Leading-Edge Analytical Solutions for the Pharmaceutical Industry
We offer a wide range of analytical development services to support the pharmaceutical industry. Our state-of-the-art analytical laboratories are equipped with sophisticated instruments that comply with 21 CFR Part 11 standards, allowing us to deliver accurate, reliable, and high-quality data.
Advanced Testing Capabilities
Our analytical services include analytical method development and validation, stability studies, raw material analysis, finished product testing, and impurity profiling. We also have the capability to analyze nitrosamine impurities using LCMS and to comply with upcoming ICH Q3D requirements of “Elemental Impurities” with in-house “ICPMS.”
Compliant and Quality-Centric Approach
All our analytical services are performed in strict accordance with Good Laboratory Practices (GLP) and comply with national and international regulatory requirements. Our commitment to quality ensures reliable and consistent results.
Expert Team
Our team of seasoned analytical chemists brings together extensive industry experience and a deep understanding of analytical method validation in pharma. They work collaboratively with clients, offering expert advice and delivering solutions that meet their unique needs.

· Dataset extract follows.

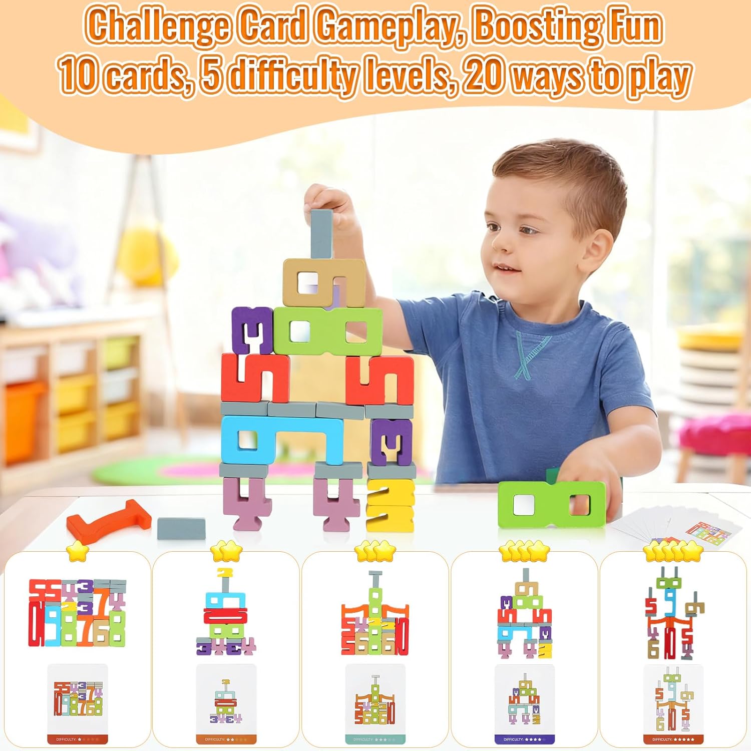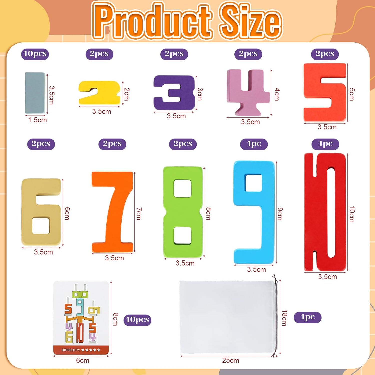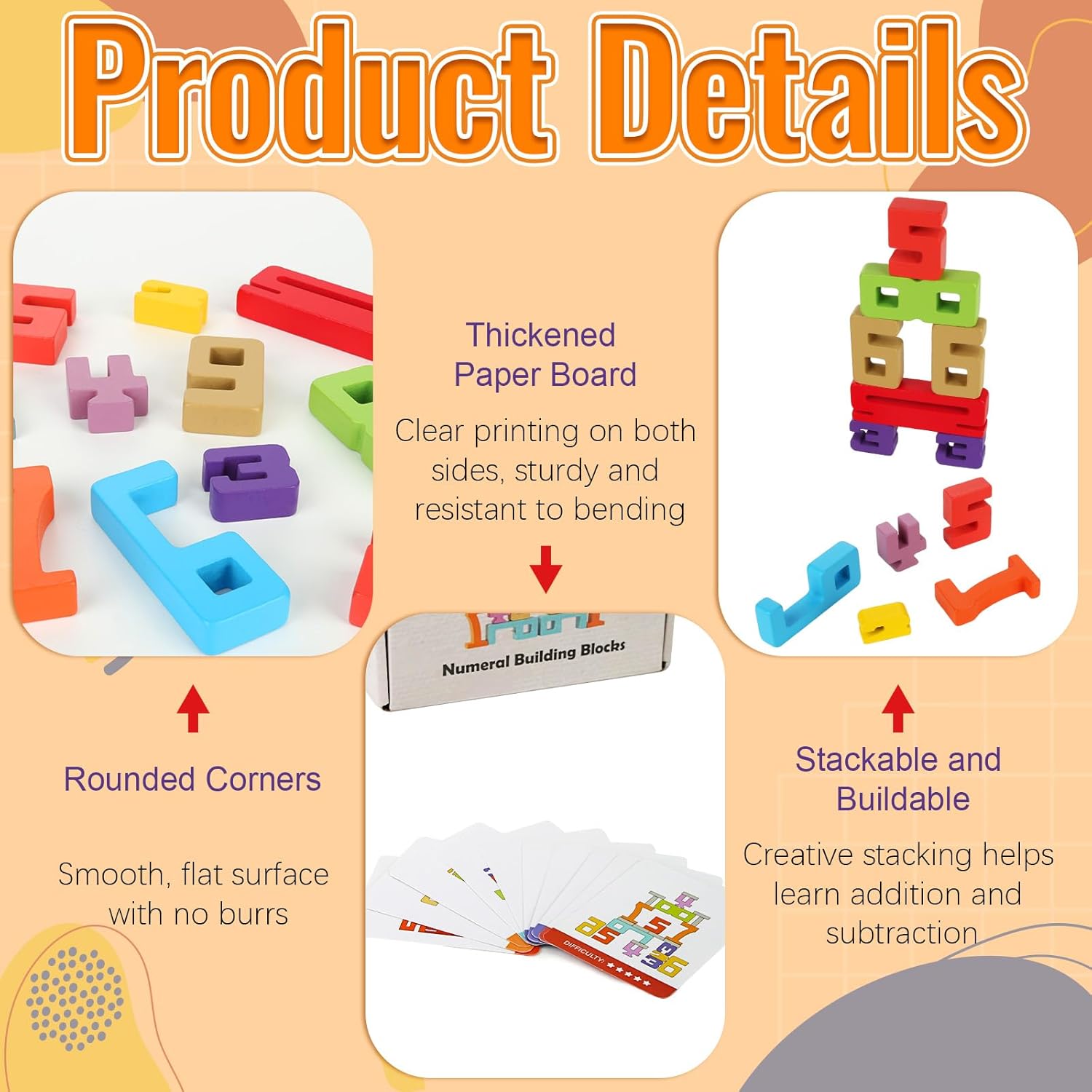 Set per la costruzione dei numeri: il set di risorse di apprendimento contiene 26 blocchi numerici e 10 carte interattive con 20 puzzle di diversi livelli di difficoltà su entrambi i lati. Questi vanno da 1 a 5 stelle e 5 livelli di difficoltà tra cui scegliere. Il set include anche 1 custodia, in modo che questi giocattoli possano essere riposti rapidamente. Questi blocchi di costruzione migliorano la comprensione dei numeri dei bambini e gettano le basi per il successivo apprendimento di addizione e sottrazione. MATERIALE SICURO E DUREVOLE: i nostri numerici sono realizzati in legno di alta qualità e sono caratterizzati da superfici lisce e piane senza bordi taglienti, garantendo una robusta durata. I giocattoli a blocchi numerici sono rivestiti con vernice atossica a base d'acqua e si distinguono per i colori vivaci, sicuri per i bambini e garantiscono un uso sicuro. PRECEDENZA SVILUPPO MATEMATICO: il set di mattoncini segue la pedagogia montessori e promuove lo sviluppo matematico dei bambini in anticipo. I bambini possono percepire le dimensioni e le sequenze dei numeri (1-10) toccando e osservando, approfondendo così la loro comprensione dei numeri. I blocchi numerici in legno sono una scelta ideale per i bambini in età prescolare e da giardino. PROMUOVERE LA FANTASIA E LA CREATIVITÀ: questi mattoncini sensoriali aiutano i bambini a sviluppare la loro capacità di riconoscere colori, numeri e forme. Inoltre, questi mattoncini da costruzione in legno stimolano i bambini a dare libero sfogo alla loro immaginazione, esplorare diverse possibilità di impilare e organizzare i numeri e migliorare la coordinazione occhio-mano e la capacità spaziale. REGALO IDEALE PER BAMBINI: i blocchi da costruzione in legno consentono ai bambini di sviluppare il riconoscimento della forma, la percezione spaziale e altre abilità durante l'apprendimento della costruzione e l'impilamento, rendendoli un regalo divertente e pratico. Questi mattoncini da costruzione combinano l'apprendimento con i giochi e sono quindi il regalo ideale per feste di compleanno, feste e altre occasioni speciali.

Commitment to Timely Delivery
We understand the critical role of analytical services in pharmaceutical development and manufacturing. Our efficient processes and dedicated team ensure that our analytical services are delivered on time, every time.
Partnering for Success
We work as an extension of our clients’ teams, providing transparent, regular updates at every stage of the analytical process. Our partnership approach ensures a seamless experience and successful outcomes in pharmaceutical method validation.